The 107 is the city car, the 1007 an electric sliding-door high-roof curio and the 206, the high-selling if flawed supermini fleet staple. But unlike previous Peugeot history, the 207 doesn't replace the 206. Like recent moves at Fiat with Punto and Grande Punto, Peugeot plans to continue selling both cars alongside each other indefinitely.

Peugeot says the 206 will remain a first family car for the 107 customer to aspire to while the 20cm longer 207 will be the "grown up car for families looking for safe, stylish fun". Oh I see now...I think.


Peugeot 207 spec panel

All fleets need to know is that the 206's range will be pared back to two trim levels and will be aimed more at retail than fleet.

But to the new car. The 207's extra length adds up to 150kg in weight too. Break the figure down, and 60kg relates to new safety, 40kg to size, 25 to comfort (sound-proofing and insulation) and 25 to quality materials. Are the benefits tangible?

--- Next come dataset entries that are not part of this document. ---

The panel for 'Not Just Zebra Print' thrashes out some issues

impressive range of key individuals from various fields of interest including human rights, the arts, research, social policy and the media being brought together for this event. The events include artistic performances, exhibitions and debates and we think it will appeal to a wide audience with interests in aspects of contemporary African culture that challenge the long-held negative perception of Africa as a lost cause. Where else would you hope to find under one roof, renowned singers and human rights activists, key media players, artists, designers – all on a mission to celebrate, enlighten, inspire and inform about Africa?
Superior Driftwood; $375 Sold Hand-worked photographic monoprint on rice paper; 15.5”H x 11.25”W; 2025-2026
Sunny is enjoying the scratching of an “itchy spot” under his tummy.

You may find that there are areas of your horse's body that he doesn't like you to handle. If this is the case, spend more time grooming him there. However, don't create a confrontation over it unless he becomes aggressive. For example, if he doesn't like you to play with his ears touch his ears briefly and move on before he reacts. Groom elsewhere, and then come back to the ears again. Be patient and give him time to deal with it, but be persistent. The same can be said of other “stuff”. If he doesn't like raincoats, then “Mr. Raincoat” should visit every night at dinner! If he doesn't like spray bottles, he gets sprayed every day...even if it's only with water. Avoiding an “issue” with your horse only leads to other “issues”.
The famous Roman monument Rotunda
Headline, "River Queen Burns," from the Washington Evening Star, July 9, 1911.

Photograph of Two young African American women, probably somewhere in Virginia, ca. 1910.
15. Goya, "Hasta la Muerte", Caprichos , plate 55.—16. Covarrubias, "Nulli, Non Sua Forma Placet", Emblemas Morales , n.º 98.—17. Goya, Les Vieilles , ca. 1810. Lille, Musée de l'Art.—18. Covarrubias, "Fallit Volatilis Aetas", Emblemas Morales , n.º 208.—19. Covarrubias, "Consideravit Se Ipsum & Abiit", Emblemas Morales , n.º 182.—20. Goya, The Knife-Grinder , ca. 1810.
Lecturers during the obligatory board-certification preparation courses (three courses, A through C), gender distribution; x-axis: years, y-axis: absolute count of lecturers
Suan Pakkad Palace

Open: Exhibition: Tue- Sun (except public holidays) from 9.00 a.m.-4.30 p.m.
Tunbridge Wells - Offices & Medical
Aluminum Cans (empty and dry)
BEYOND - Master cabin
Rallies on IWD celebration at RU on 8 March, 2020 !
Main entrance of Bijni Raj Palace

The 207 has excellent NCAP safety protection credentials - five stars for adult occupants (versus the 206's four), four for child occupants (206 - n/a) and three for pedestrians (206 - three). Cabin material quality is much higher in all trim levels over the equivalent 206 and outside noise is well suppressed. But all this comes at a price as the engines to power the 207 are the same as the 206's.

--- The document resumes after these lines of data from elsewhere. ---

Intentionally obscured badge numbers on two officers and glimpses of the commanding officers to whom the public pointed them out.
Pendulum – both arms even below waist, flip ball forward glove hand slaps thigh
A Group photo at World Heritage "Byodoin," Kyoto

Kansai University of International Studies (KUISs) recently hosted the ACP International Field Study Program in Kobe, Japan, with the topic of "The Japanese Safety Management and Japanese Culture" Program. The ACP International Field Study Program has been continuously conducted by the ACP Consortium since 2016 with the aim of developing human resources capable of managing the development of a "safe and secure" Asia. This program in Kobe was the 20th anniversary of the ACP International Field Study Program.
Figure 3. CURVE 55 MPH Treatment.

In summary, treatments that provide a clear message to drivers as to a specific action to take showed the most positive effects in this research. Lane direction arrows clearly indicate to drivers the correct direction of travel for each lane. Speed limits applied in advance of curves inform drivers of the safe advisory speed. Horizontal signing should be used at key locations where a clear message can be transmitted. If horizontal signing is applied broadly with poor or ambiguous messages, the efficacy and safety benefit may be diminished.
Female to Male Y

This results in all but the 110PS 1.6 diesel feeling 'underpowered-to-gutless', depending on the engine output.

Two forthcoming units developed with BMW (and destined for the new Mini) should help. A 150PS 1.6 petrol arrives in October and a 115PS 1.6 replacing the current 110PS 1.6 comes in early 2007.

Beyond the engines, the electrically-assisted steering feels reasonable if slightly detached and

artificial, gearbox occasionally notchy, ride decent and handling fine, if not class-leading. The driving position including pedals felt fine to this 6'1" driver helped by now standard rake and reach steering wheel - but we'll have to wait and see how the right-hand drive models 'translate'.

Interior room all round is up on the 206 and the full length sunroof makes the space feel more airy still. While rear headroom is good, legroom is only okay if you put knees either side of the front seat. Further body styles - SW and CC plus auto transmission, stop/start technology and finally a 172PS 1.6 GTi will boost the range in 2007 but meantime, stick to the 110PS diesel or wait for the new BMW petrols.